他看著岑礼,视线灼灼。
岑礼声音冷淡。
“有事?”
奎因的热情没有因为岑礼表露出的冷淡而减退,他俯身给岑礼行了一个极为庄重的贵族礼。
岑礼盯著他。
奎因弯腰去触碰岑礼垂落在身侧的手,准备行一个吻手礼。
岑礼察觉到他的意图后,皱了皱眉,將手背后。
这是一个拒绝的姿態。
奎因直起身,面露遗憾。
他做出一副可怜兮兮的模样:“我只是钦慕您英姿,阁下连一个我向您示好的机会也不愿意给我吗?”
岑礼扯了下唇。
“没兴趣。”
之前怎么没听说这只虫子喜欢自己,他不过容貌腿脚才恢復就被当眾追求,岑礼很难去相信这里面有几分真心。
恐怕,更多的是浮在利益和肤浅之下的虚假吧。
奎因一愣,隨即道:“阁下您真是无情啊!”
“我会向您表明我的真心与决心的,我是那么的仰慕和爱慕您。
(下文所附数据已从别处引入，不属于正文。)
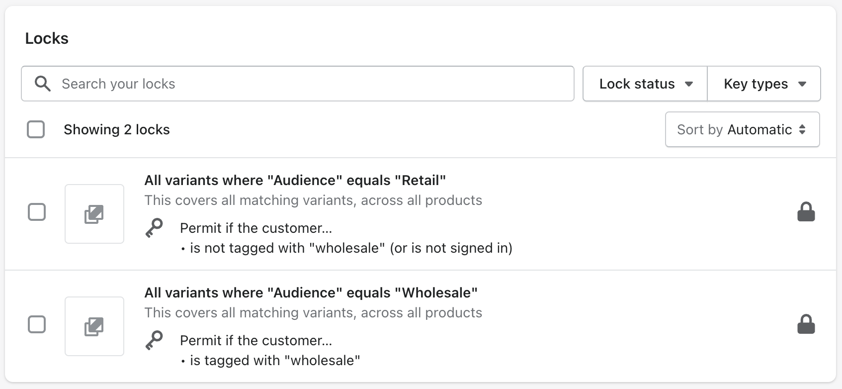 You may want to consider also adding a lock to your retail products, so that wholesale customers don't get confused after they sign in. We'll use a new lock with the opposite condition, to make sure that the customer can only view your retail products if they're not approved.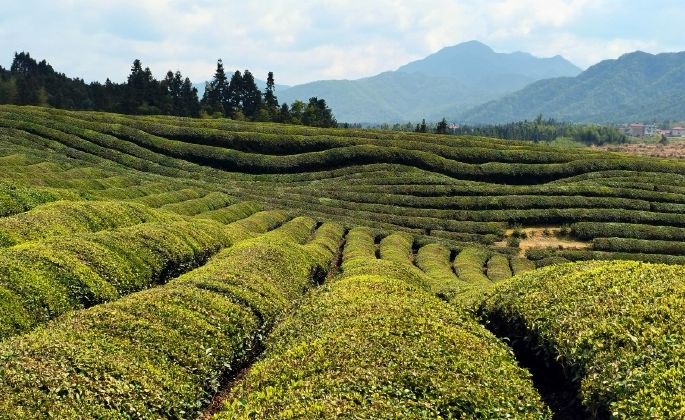 茶园遍布的几座丘陵,高低起伏,蔚为壮观

”
雌虫咏嘆的音调,让岑礼太阳穴一跳。
他警告:“別在我身上白费心思。”
奎因只是微笑。
岑礼觉得他並没有听进去。
他有些烦。
雄主跟那只雌虫聊了很久。
那雌虫正对著阿什尓,唇畔勾著笑,眉眼含情地看著岑礼。
长相优越,又没攻击性。
是当下雄虫最喜爱的柔和温顺的长相。
雄主背对著,阿什尓看不到岑礼脸上的神色。
他们相谈甚欢。
阿什尓想,雄主脸上的表情恐怕比面对他时更好。
阿什尓扯了下唇,毕竟他可是雄主最討厌的雌虫。